For me, this was highly offensive. I had a sex partner, a darned good one. One that did not share my bed, require his clothes to be washed or dinners cooked. Why would I consider messing up a nice, tidy arrangement like that with a live in lover? And if I was moving in with a sex partner or boyfriend, why, I'd just have said that. The consensus of friends and family was doubly bothersome as it seemed that while voicing their own thoughts, they were commenting on my morality, which I might add, was no ones business but my own.
The arrangement ran its course; in less than two years, the room mate went his way and I went mine. But in the span of time we shared space, things went as I predicted: we did not become lovers, we did not part as enemies, the time we spent in each others company served to keep us, and our future lovers and spouses as friends which we remain to this day.
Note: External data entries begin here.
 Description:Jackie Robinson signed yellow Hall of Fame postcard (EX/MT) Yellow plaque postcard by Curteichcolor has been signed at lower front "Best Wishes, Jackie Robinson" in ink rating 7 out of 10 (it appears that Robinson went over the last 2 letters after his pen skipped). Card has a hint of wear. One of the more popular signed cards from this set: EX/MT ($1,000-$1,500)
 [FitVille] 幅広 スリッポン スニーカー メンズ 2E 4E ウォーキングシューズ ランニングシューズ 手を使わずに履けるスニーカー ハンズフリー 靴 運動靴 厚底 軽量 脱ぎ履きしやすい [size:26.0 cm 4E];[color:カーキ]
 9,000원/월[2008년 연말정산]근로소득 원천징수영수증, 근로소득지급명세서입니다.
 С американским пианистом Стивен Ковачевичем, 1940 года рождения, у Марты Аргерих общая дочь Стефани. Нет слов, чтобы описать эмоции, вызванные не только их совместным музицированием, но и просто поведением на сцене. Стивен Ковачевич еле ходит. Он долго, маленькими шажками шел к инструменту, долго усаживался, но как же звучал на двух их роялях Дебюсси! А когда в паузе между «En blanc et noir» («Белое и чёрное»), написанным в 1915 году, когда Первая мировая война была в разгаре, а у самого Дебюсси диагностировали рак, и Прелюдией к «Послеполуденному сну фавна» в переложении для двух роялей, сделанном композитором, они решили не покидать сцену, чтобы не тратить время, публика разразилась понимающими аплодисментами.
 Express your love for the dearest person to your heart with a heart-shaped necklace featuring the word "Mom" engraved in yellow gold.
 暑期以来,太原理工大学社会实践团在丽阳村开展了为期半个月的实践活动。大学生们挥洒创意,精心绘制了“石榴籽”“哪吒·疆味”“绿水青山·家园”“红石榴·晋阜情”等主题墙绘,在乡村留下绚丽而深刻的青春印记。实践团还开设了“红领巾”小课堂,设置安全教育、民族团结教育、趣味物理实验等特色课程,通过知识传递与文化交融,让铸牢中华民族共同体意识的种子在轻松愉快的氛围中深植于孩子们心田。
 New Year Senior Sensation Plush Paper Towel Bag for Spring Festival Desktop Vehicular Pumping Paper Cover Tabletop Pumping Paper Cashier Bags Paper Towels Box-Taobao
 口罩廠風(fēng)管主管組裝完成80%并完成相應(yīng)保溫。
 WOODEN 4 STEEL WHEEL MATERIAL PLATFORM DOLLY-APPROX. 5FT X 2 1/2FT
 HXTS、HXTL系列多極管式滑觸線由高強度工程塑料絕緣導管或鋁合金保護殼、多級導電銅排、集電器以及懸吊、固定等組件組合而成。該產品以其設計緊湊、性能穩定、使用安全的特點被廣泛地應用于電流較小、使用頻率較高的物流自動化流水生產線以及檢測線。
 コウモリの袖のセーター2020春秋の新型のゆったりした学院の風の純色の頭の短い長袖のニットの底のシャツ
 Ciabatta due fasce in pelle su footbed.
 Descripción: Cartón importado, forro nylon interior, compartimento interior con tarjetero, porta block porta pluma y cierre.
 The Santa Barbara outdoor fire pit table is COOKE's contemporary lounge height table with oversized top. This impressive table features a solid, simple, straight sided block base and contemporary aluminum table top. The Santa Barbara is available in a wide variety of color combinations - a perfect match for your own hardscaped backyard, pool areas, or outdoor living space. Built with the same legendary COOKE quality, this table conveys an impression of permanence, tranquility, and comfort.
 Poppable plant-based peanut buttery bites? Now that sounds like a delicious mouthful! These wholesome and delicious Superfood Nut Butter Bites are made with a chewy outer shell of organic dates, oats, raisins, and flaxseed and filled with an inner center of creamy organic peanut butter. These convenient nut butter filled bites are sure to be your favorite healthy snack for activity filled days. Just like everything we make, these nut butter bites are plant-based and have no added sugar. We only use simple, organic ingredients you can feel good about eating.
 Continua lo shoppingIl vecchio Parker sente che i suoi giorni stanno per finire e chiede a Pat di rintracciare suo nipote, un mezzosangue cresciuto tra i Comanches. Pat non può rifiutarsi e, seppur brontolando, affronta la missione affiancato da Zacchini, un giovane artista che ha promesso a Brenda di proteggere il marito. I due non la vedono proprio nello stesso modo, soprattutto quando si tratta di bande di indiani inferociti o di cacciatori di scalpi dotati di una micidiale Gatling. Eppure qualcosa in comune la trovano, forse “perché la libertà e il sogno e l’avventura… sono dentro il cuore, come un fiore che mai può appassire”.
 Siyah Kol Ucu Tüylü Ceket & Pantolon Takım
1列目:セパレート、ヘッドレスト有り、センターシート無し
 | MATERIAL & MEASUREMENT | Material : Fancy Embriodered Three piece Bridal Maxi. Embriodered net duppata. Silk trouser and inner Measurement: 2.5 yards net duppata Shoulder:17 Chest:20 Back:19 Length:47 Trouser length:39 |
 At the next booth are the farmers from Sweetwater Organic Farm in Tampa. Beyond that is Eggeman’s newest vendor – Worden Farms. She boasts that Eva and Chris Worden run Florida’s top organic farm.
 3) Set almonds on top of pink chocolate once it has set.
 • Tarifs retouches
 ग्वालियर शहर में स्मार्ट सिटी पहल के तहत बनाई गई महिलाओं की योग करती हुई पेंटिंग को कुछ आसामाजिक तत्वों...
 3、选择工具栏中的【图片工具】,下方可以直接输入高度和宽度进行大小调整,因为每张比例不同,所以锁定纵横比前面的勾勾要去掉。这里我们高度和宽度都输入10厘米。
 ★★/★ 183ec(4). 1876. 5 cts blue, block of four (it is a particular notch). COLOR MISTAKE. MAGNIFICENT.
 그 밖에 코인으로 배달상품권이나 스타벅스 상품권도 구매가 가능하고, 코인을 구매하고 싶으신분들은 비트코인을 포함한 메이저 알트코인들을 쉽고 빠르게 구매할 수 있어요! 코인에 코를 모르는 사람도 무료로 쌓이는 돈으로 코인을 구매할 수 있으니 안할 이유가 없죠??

When I look back to that time, I realize that the things that were said to me, the fears expressed by my family, were not necessarily a judgment on my morality, but perhaps only a reflection of the choices of those same individuals. What worked for me, may not have worked for them. They might have seen a close member of the opposite sex as a handy bed warmer on a cold or lonely night. They may have walked down that road themselves before and were revealing their own past choices or regrets.

I also come to wonder at an age that does not allow platonic relationships without passing judgment, and I wonder if those who do point condemning fingers aren't guilty of more than negativity - perhaps they are the owner of a "dirty mind".
A "dirty mind" is a funny thing. We can all laugh at an off color joke, yet many people are quick to judge anyone who they think is living in a sexually gratuitous manner. When did the behavior of unrelated adults begin to absorb so much of our attention? And how many people find that a clear option for them may be unavailable because of familial pressures and opinions?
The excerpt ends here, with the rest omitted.